Institutes of the Christian Religion by John Calvin.

Book 2: Of the knowledge of God the Redeemer, in Christ, as first manifested to the fathers, under the law, and thereafter to us under the gospel.

Chapter 2: “Man Now Deprived of Freedom of Will, and Miserably Enslaved”

Section 12: When Adam withdrew his allegience to God, gave up the spiritual gifts he was given. When we are restored through Christ, all of these are added back to us. The natural gifts, which include our intellectual aptitude and integrity in our hearts, were corrupted at the fall, but not altogether removed, and remain corrupted until our glorification. We can obtain a stronger ability to control them but they will remain at war against us until Jesus either comes or calls us home. This highlights God’s necessary action on our behalf to turn us toward Him and bring us to Him for salvation. “As the human mind is unable, from dullness, to pursue the right path of investigation, and, after various wanderings, stumbling every now and then like one groping in darkness, at length gets completely bewildered, so its whole procedure proves how unfit it is to search the truth and find it. Then it labours under another grievous defect, in that it frequently fails to discern what the knowledge is which it should study to acquire. Hence, under the influence of a vain curiosity, it torments itself with superfluous and useless discussions, either not adverting at all to the things necessary to be known, or casting only a cursory and contemptuous glance at them.”

Section 13: Man’s intellect and effort to learn more about God from an external perspective is not always unfruitful but it is woefully ill prepared to attempt to do so. Often we do better when looking at earthly things than we do at heavenly things. Defining the two, Calvin states, “By earthly things, I mean those which relate not to God and his kingdom, to true righteousness and future blessedness, but have some connection with the present life, and are in a manner confined within its boundaries. By heavenly things, I mean the pure knowledge of God, the method of true righteousness, and the mysteries of the heavenly kingdom.” Universal consensus is that the seeds of both earthly and heavenly knowledge are implanted in each of us. People immediately launch from these seeds into quarrels and arguments and sometimes even wars over differing views on these matters. It reads as if Calvin is leading to the point where it is explained that without an outside perspective, one who is not influenced by the results, it is impossible to come to any agreement on the matter.
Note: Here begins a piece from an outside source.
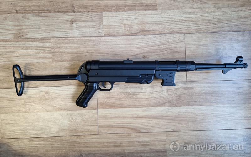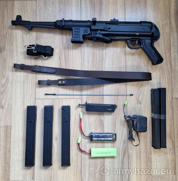 Leírás: AGM által gyártott MP40 airsoft replika (MP007B), ami full fém! Mechanikailag teljesen jól működik, bár eddig csak 2 játékon használtam. Kis festék kopások találhatóak rajta, ezeket a képeken láthatóak. Amit a hirdetésem tartalmaz: - MP40 airsoft replika - 3db jól működő tár ami darabonként 30-40 BB-t képes befogadni. - 2db hibás tár (de lehet hogy lehet még javítani) - 1db gyorstöltő - 1db cső tisztító pálca - 1db NIMH töltő - 1db NiMH akkumulátor 8.4V 1100mAh - 1db NiMH akkumulátor 8.4V 1600mAh (külön vásárolt) - 1db hozzá járt fegyverszíj - 1db külön vásárolt bőr fegyverszíj Adatok: Kezdő sebesség: 100 m/s (328 FPS) Hossz: 626 / 845 mm Tömeg: ~2770g

Section 14: Through investigating the arts, it is seen that while no one is a master of all, all have some aptitude toward some. Given that all people, when working in the arts, attempt to try something new it led Plato toward the erroneous conclusion, “that such knowledge was nothing but recollection.” This is an example of the fact that we have natural talents/gifts which are implanted in us by God.

Section 15: This reminds us that, when reading heathen writers that the human mind, however fallen and perverted, is still invested with gifts from God. They are still a reflection of God’s glory in that they are image bearers of God. Given that the Holy Spirit is the means by which God conveys all truth to us, we should be careful to say that no unconverted soul is capable of producing truth as that could lead you toward blasphemy (since God, working through the unconverted is revealing truth). “We cannot”, relates Calvin, “read the writings of the ancients on these subjects without the highest admiration; an admiration which their excellence will not allow us to withhold. But shall we deem anything to be noble and praiseworthy, without tracing it to the hand of God? Far from us be such ingratitude; an ingratitude not chargeable even on heathen poets, who acknowledged that philosophy and laws, and all useful arts were the inventions of the gods.”

Section 16: Let us not forget the blessings that the Holy Spirit grants to whomever He wills for the common good of mankind. The construction of the temple (Exo 31:2; 35:30), for instance, shows us that God grants to us skills and knowledge necessary to perform specific tasks. The Bible states repeatedly that God directed the wills of the gentiles to perform tasks for Him, we also see them working to advance the areas of physics, dialectics, mathematics, and other sciences. Since all knowledge begins and ends with God, it can been seen clearly that God informs all mankind with this kindness – that we have the ability to learn about the earthly things. “Lest any one, however, should imagine a man to be very happy merely because, with reference to the elements of this world, he has been endued with great talents for the investigation of truth, we ought to add, that the whole power of intellect thus bestowed is, in the sight of God, fleeting and vain whenever it is not based on a solid foundation of truth.”

Section 17: Concluding the thoughts contained in these sections (12-17), Calvin states, “From a general survey of the human race, it appears that one of the essential properties of our nature is reason, which distinguishes us from the lower animals, just as these by means of sense are distinguished from inanimate objects. For although some individuals are born without reason, that defect does not impair the general kindness of God, but rather serves to remind us, that whatever we retain ought justly to be ascribed to the Divine indulgence.” Calvin then goes on to show that the Bible reveals to us numerous times where the Holy Spirit teaches, instructs, and leads us at the will of God to His ends (Judges 6:34; 1 Sam 10:26; 10:6; 16:13). God even causes people to wander for specific reasons that only He knows (Ps 107:40). Concluding this section, Calvin reveals that even in all of this, we can still trace some remnants of the divine image within us which distinguishes us from all other creatures.